Accessing the data lineage graph

I have compiled some step by step instructions for accessing the visual data lineage in Databricks.

Step 1: Click on Catalog

Databricks interface showing catalog workflows and SQL options menu

Step 2: Select the Schema where Pipeline is Built (Eg: Sales)

Databricks catalog interface showing Saurabh Guptas cluster organization files

Step 3: Select the Table for Lineage, e.g. Supermarket_Sales

Databricks interface showcasing supermarket sales data overview

Step 4: Click on the Lineage tab

data catalog overview supermarket sales table and its features

Step 5: Click on the See Lineage Graph button

data lineage interface for supermarket sales catalog exploration

Using the data lineage visualisation

Step 1: Open the Lineage Graph

database schema for sales and customer data analysis

Step 2: Click on the (+) Sign to extend the Lineage to see connections between tables

database tables and relationships for sales data analysis and reporting

I came across a particularly annoying limitation in the way the data lineage graph handles the expand (+) icon next to dataset nodes. The purpose of this icon is to allow users to expand the diagram and show upstream or downstream nodes for a given dataset. However, in many cases, clicking the icon led to………. Nothing. It simply didn’t do anything. This creates confusion and disrupts the user experience. The presence of the icon suggests that additional nodes exist. A more intuitive design would hide the icon entirely when there are no upstream or downstream nodes to display, preventing unnecessary clicks and improving usability.

From what I can tell, the issue lies in how Databricks calculates these dependencies. They’re only resolved at runtime when you click the icon, which also explains the noticeable delay when expanding a node.

Databricks displays a plus icon beside the sales_transactions table.

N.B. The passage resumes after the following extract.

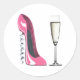 Corkscrew Pink Stiletto Shoe and Champagne Glass Classic Round Sticker
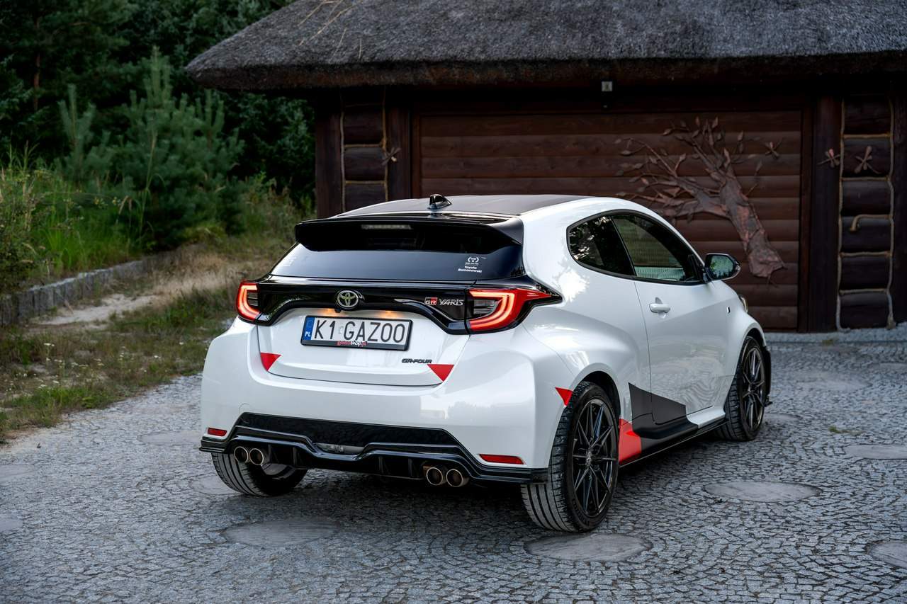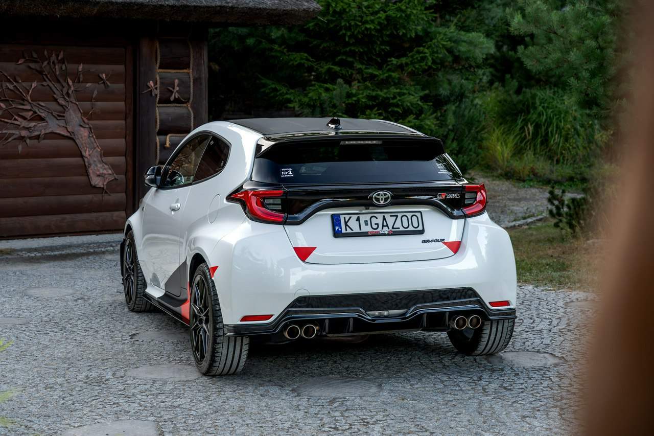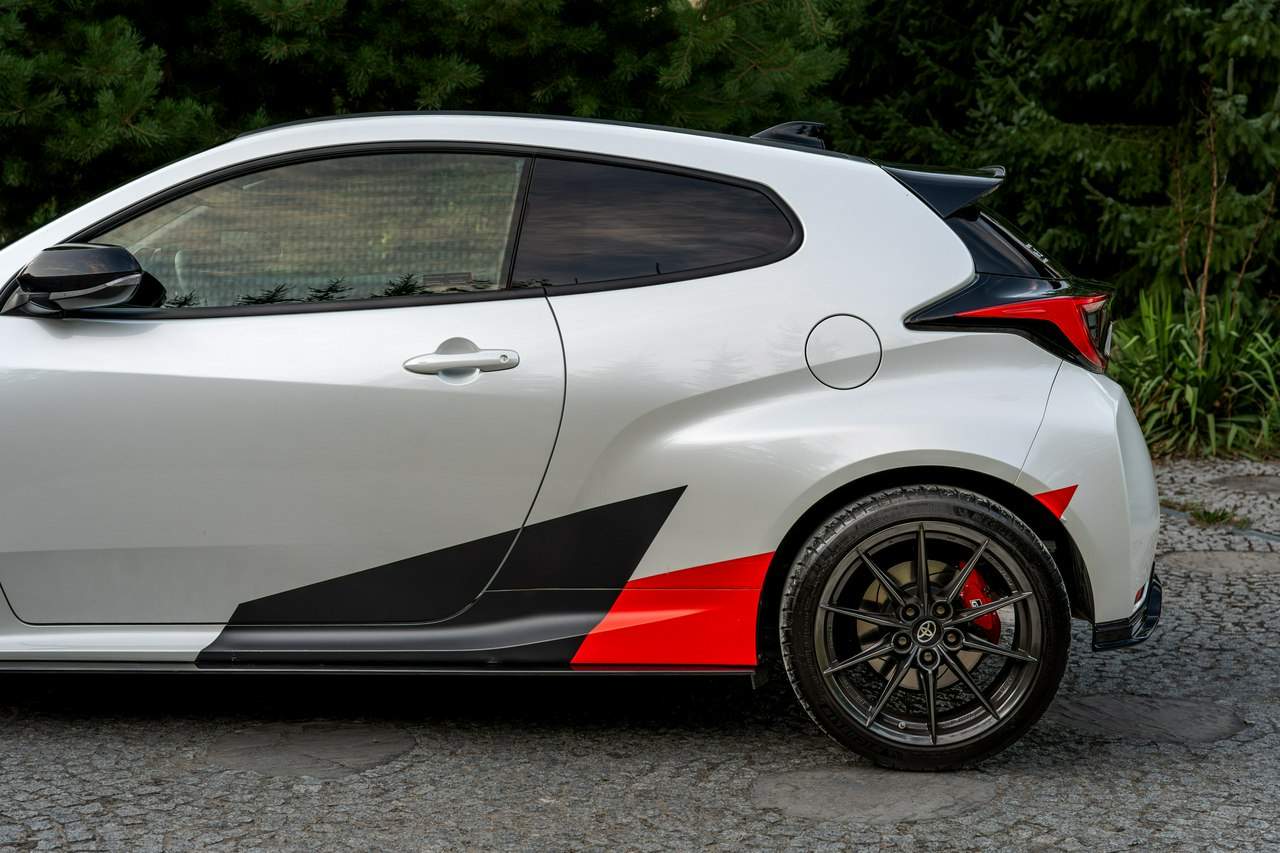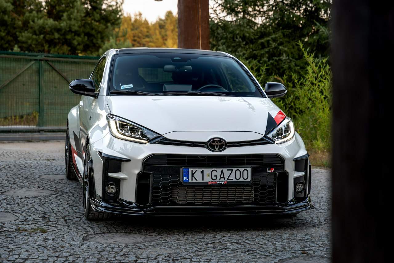 Toyota Yaris GR-Four W2C 1.6 Turbo 261KM / Pakiet GR Parts / TRD / Salon Polska / Bezwypadkowy / FV 23% / Felgi OZ RACING / Obniżenie fotela ────────────────────────────────────────────────────────────────── CESJA LEASINGU TOYOTA LEASING . ODSTĘPNE : 47.777 PLN (Istnieje możliwość przyjęcia innego pojazdu w rozliczeniu w zamian za odstępne) . KAPITAŁ : 109.810 PLN NETTO . RATY : 2.035 NETTO (KAPITAŁ PLUS ODSETKI) . POZOSTAŁO : 28 RAT . WYKUP W 05-2028 W KWOCIE 79.990 NETTO . ŁĄCZNIE : 179.777 PLN BRUTTO ────────────────────────────────────────────────────────────────── Salon PL, udokumentowana historia serwisowa - REGULARNE PRZEGLĄDY , komplet kluczyków i pełna dokumentacja pokładowa samochód garażowany, serwis na bieżąco, pojazd zakupiony jako nowy u autoryzowanego dealera w Polsce. Gwarancja Relax Toyota obowiązuje do dnia 16.06.2026, z możliwością jej przedłużenia do 2030 roku. Wszystkie przeglądy oraz czynności serwisowe były wykonywane terminowo w autoryzowanym serwisie ASO Toyoty. Przeglądy olejowe realizowane były maksymalnie co 12 miesięcy, niezależnie od przebiegu. Ostatni przegląd został wykonany w czerwcu 2025 r. przy przebiegu 10 500 km. ────────────────────────────────────────────────────────────────── Indywidualne doposażenie pojazdu w m.in : ✔️ PAKIET GR Parts / TRD : Elementy pakietu GR Parts / TRD: * Spojler dolny przedniego zderzaka * Dokładki bocznych progów * Tylny dyfuzor * Dodatkowe spojlery i lotki nadkoli * Pasy boczne i grafiki Elementy poprawiające osiągi i prowadzenie : * Układ wydechowy TRD * Sprężyny sportowe obniżające * Rozpórka przednich kielichów * Klocki hamulcowe TRD (przednie i tylne) ────────────────────────────────────────────────────────────────── WAŻNE > Toyota Yaris GR /benzyna ✔️ kupiony w polskim salonie Silnik: 1.618 cm³ Lakier: Platinum White Pearl Wnętrze: Tapicerka z ekologicznego zamszu w kolorze czarnym ze skórzanymi boczkami i wykończeniem w kolorze czerwonym Skrzynia biegów: Manualna skrzynia biegów Rocznik: 2020 r Przebieg km.: 14 383km Książka serwisowa: TAK VIN : JTDAF4E380A001985 Kraj pochodzenia: Polska Stan : Bezwypadkowe ────────────────────────────────────────────────────────────────── Wyposażenie : ✔️Komfort i funkcjonalność : Elektrycznie regulowane szyby z zabezpieczeniem przed przycięciem palców Elektrycznie regulowane lusterka zewnętrzne Elektrycznie składane lusterka zewnętrzne Podgrzewane lusterka zewnętrzne Automatycznie ściemniające się lusterko wsteczne Lusterko na osłonie przeciwsłonecznej kierowcy Lusterko na osłonie przeciwsłonecznej pasażera Gniazdo 12 V w konsoli centralnej Multifunkcyjna kierownica z obsługą systemów multimedialnych Manetki zmiany biegów przy kierownicy dla skrzyni automatycznej Klimatyzacja automatyczna (dwustrefowa) Uruchamianie silnika przyciskiem System bezkluczykowego dostępu do samochodu (Inteligentny kluczyk) ✔️Oświetlenie : System opóźnionego wyłączenia świateł po zgaszeniu silnika Światła do jazdy dziennej w technologii LED Światła główne w technologii LED Manualna regulacja świateł głównych Automatyczny wyłącznik świateł głównych Tylne światła w technologii LED ✔️Stylistyka i wyposażenie zewnętrzne : Lusterka zewnętrzne w kolorze czarnym Przedni zderzak w kolorze fortepianowej czerni Antena dachowa w kształcie płetwy rekina Tylny spojler Wykończenie przedniego dolnego grilla GR-FOUR Przyciemniane szyby tylne 18" Felgi aluminiowe z oponami 225/40 R18 ✔️Wygląd wnętrza : Trójramienna sportowa kierownica obszyta skórą Gałka dźwigni zmiany biegów obszyta skórą Nakładki progowe Aluminiowe nakładki na pedały Dywaniki welurowe Tylna kanapa składana w proporcji 60:40 Sportowe fotele GR ✔️Systemy multimedialne i nawigacji : 6 głośników Porty USB-C System Bluetooth® umożliwiający bezprzewodową łączność z telefonem Digital Cockpit – cyfrowy wyświetlacz na tablicy wskaźników (12,3") System multimedialny Toyota Smart Connect+® z kolorowym ekranem dotykowym (8") Nawigacja Connected z dodatkowym trybem offline i 4-letnią darmową transmisją danych Usługi łączności Toyota Connected Car Interfejs Apple CarPlay*, interfejs Android Auto™ Inteligentny asystent głosowy Obsługa stacji radiowych w technologii cyfrowej ✔️Bezpieczeństwo i nowe technologie : Przednie i boczne poduszki powietrzne kierowcy i pasażera Kurtyny powietrzne Wyłącznik przedniej poduszki powietrznej pasażera System mocowania fotelików dziecięcych na skrajnych tylnych siedzeniach Sygnalizacja niezapiętych pasów bezpieczeństwa z przodu i z tyłu System wspomagający hamowanie Sygnał awaryjnego hamowania System zapobiegający blokowaniu kół System wspomagający pokonywanie podjazdów System monitorowania ciśnienia w oponach Inteligentne wycieraczki z czujnikiem deszczu Automatyczne światła z czujnikiem zmierzchu ✔️Sport : Selektor trybów jazdy Bezramkowe drzwi wykonane z aluminium Dach wykonany z kompozytów z włóknem węglowym Pokrywa silnika wykonana z aluminium Podwójne końcówki układu wydechowego Czerwone zaciski hamulców Przedni i tylny dyferencjał Torsen LSD Intercooler z natryskiem wody Wloty powietrza do chłodzenia hamulców Napęd na cztery koła GR-FOUR ✔️Toyota T-Mate : In

Node expansion view: Visualise table details with column types and expandable options

Nothing happens when clicking on the plus icon to expand the node downstream.

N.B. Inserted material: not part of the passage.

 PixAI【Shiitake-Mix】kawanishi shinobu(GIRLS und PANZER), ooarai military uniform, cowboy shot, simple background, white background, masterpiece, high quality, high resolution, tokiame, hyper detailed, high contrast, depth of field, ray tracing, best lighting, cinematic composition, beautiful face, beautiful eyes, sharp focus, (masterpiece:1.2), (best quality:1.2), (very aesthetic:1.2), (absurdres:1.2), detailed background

Table node view Displays table details with column names types and expandable options

One of the more frustrating things I’ve come across is the inability to collapse a node after expanding it. Once a node is expanded, it stays that way, leaving the graph cluttered and harder to navigate—especially in large, complex lineage diagrams. This, combined with the earlier issue of the unresponsive expand (+) icon, makes working with lineage graphs far more tedious than it should be. It feels like these limitations turn what should be a powerful visualisation tool into a source of frustration.

Expanding table sales downstream

Upstream node view Visualise table relationships column names and data types

No minus icon to collapse

Lineage view Trace data flow between interconnected tables with column details

Viewing column lineage

You can view column-level lineage in the data pipeline visualisation, which sounds promising at first. However, I ran into a major limitation: the lineage only extends one level up and one level down from the selected column.

In my opinion, this constraint significantly undermines one of the most important use cases for column-level lineage: impact and root cause analysis. To be truly effective, such an analysis needs to trace the lineage all the way back to the roots when going upstream or follow it down to the leaves when going downstream. Without this capability, the feature feels incomplete, more like a box-ticking exercise to claim column-level lineage support than a helpful feature for real-world problems.

Anyway, here is how you view column level lineage.

Step 1: Click on the Show more columns

data table displaying invoice ID and branch for supermarket sales

Step 2: Select the column for which Lineage is required, e.g. invoive_id. As you can see an arrow has been added for both upstream and downstream columns of column invoice_id

data lineage diagram showing sales database tables and relationships

Exploring node details

When you click on a node in the lineage graph you get some additional information about the table.

On the right hand side a new pane opens that shows us any columns that are a part of the table Columns Details:

database schema diagram for supermarket sales data management system

When you click on the Lineage tab, you uncover detailed information about where the table appears. Databricks lists all related objects, such as Notebooks, Workflows, and Query Editor windows. Arrows next to each object show whether the table acts as an upstream source or a downstream target.

Lineage details View table connections SQL pipelines and data flow for analysis

data lineage interface displaying tables and notebooks in analytics platform

You can also filter Lineage by

  • Upstream Connections
  • Downstream Connections
  • All Connections
Lineage view Explore upstream connections queries and data flow for sales transactions

Filtering by Upstream connections shows only the immediate upstream dependencies, limited to one hop in either direction.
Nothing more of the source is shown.